# Objektgruppe im Excel zusammen kopieren und spiegeln



## donsenilo82 (30. September 2013)

So, da wäre ich wieder mit meiner EXTRAWURST. habe vor geraumer Zeit angefangen im Excel einen Stammbaum zu generieren is auch schön, nur wenn ich ihn ausdrucken würde hätte ich bei A3 1,60m Höhe und 13,9m Breite. Aufgrund der Vorarbeit einiger verstorbener Familienmitglieder reicht die Menge der Daten 10 Generationen zurück, was in der letzten Generation allein schon 512 Personen macht. habe alles horizontal über eine Hierarchie angeordnet, habe aber nun begonnen, um aus der Breite raus zu kommen die letzten 5 Generationen Vertikal anzuordnen, und erst bei Generation 4 - 0 wieder in die Horizontale zu gehen. Nun habe ich gestern in 4 Stunden ca 1/32tel der Felder generiert und passend verbunden,... kann ich die komplette Hierarchie jetzt spiegeln und kopieren? 

Allerdings habe ich die Hierarchie selbst erstellt, über die Funktion "Einfügen" - "Formen", da ich mit dem Einfügen von "SmartART" Diagrammen beim Wechsel von Vertikal auf Horizontal im gleichen Objekt keinen Erfolg hatte...
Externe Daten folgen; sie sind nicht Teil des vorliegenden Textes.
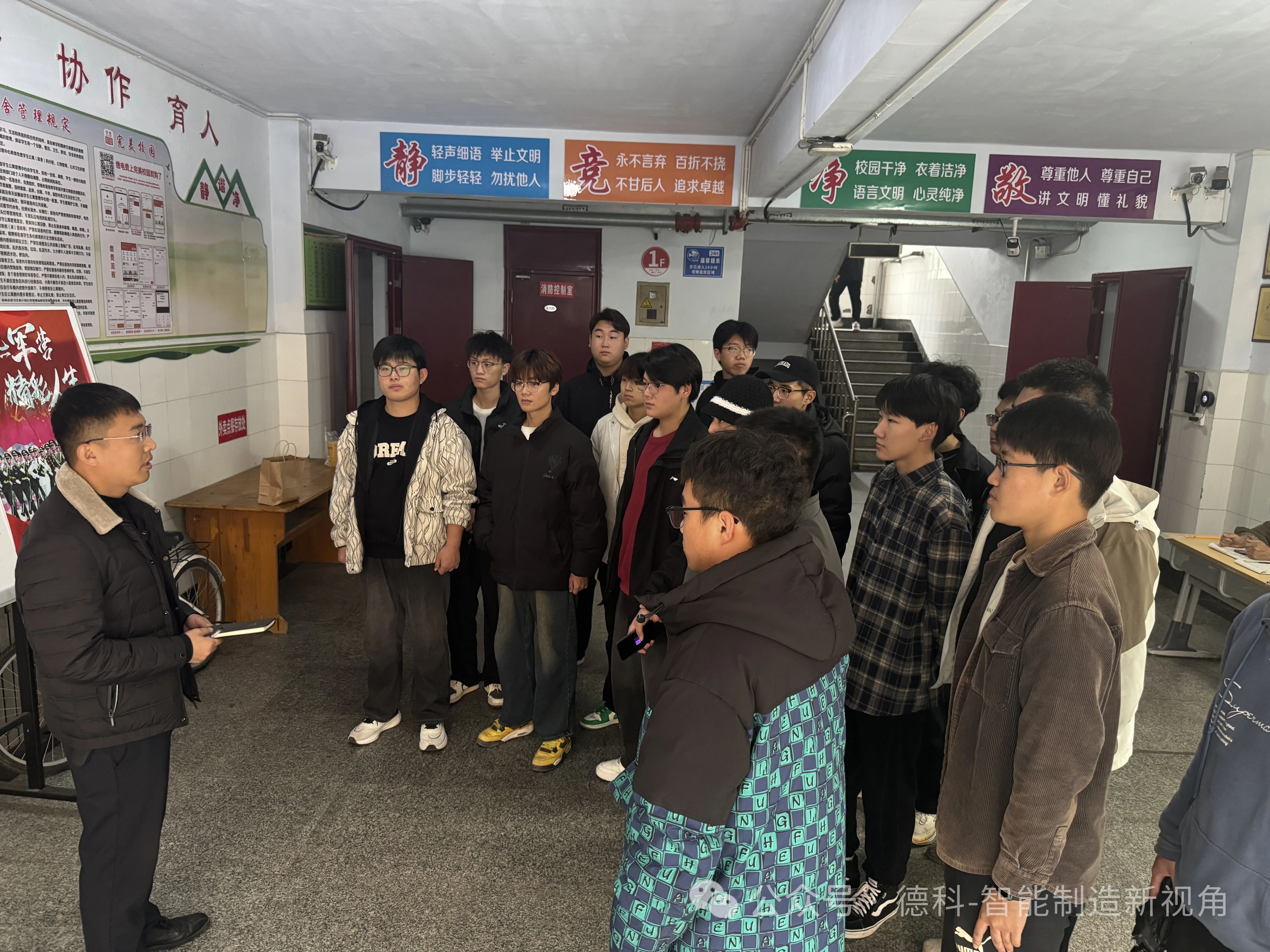 为加强“一站式”学生社区公寓管理,保障学生的居住安全,11月13日下午,智能制造学院开展了公寓安全隐患大排查,并召开全体宿舍长安全会议。党总支书记于广初亲自带领学生科长及辅导员全程参与。
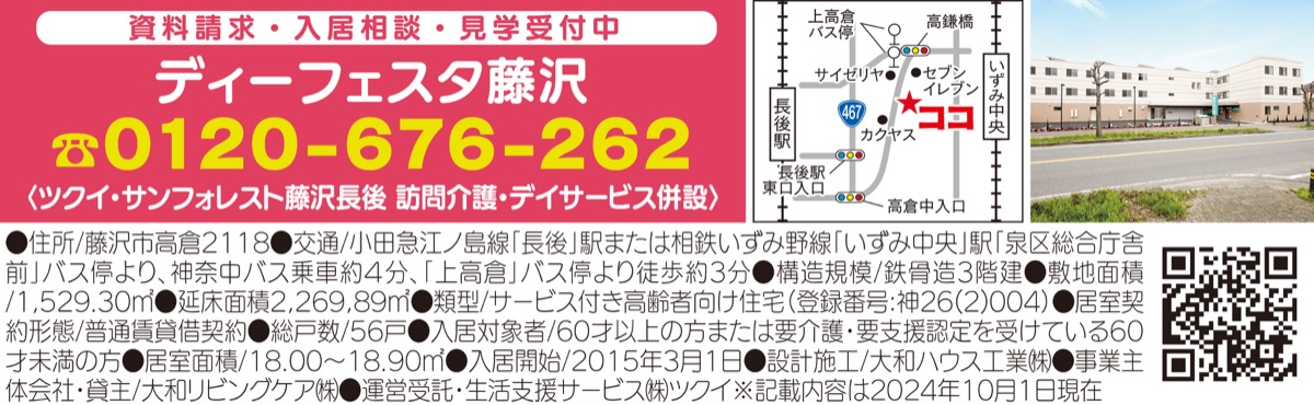 サービス付き高齢者向け住宅「ディーフェスタ藤沢」 10月末まで
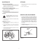 MAINTENANCE STORAGE CHECK FOR LOOSE FASTENERS 1. Before each use make a thorough visual check of the spreader for any bolts and nuts which may have loosened. Retighten any loose bolts and nuts. 1. Rinse inside of hopper and exterior of spreader and dry off before storing. 2. Store in a clean, dry area. CHECK FOR WORN OF DAMAGED PARTS 2. Check for worn or damaged parts before each use. Repair or replace parts if necessary. CHECK TIRE INFLATION 3. Check if tires are adequately inflated before each use.

Das heißt, ich habe jetzt geschätzte 250 Textfelder mit gewinkelten Verbindungen, die ich a) kopieren und neu einfügen will, und b) spiegeln will (so dass jeweils die linke und die rechte Hierarchie in die Mitte verlaufen und nicht beide nach rechts oder nach links)


Wäre super wenn man mir weiterhelfen könnte


----------



## sheel (30. September 2013)

Bitte Fragen NICHT in der Tutorials-Inbox stellen.


----------



## HonniCilest (7. Oktober 2013)

Hi,

sorry für die späte Antwort.



> Nun habe ich gestern in 4 Stunden ca 1/32tel der Felder generiert und passend verbunden,... kann ich die komplette Hierarchie jetzt spiegeln und kopieren?



Ja: Markieren, Gruppieren (Kontektmenü > Gruppieren), Kopieren, Kippen (Format > Drehen > Horizontal / Vertikal Kippen)


----------



## donsenilo82 (7. Oktober 2013)

Danke für die Antwort, habs in der Zwischenzeit bis zur Spiegelung von Hand gemacht, und dann einfach kopiert, trotzdem Merci.


----------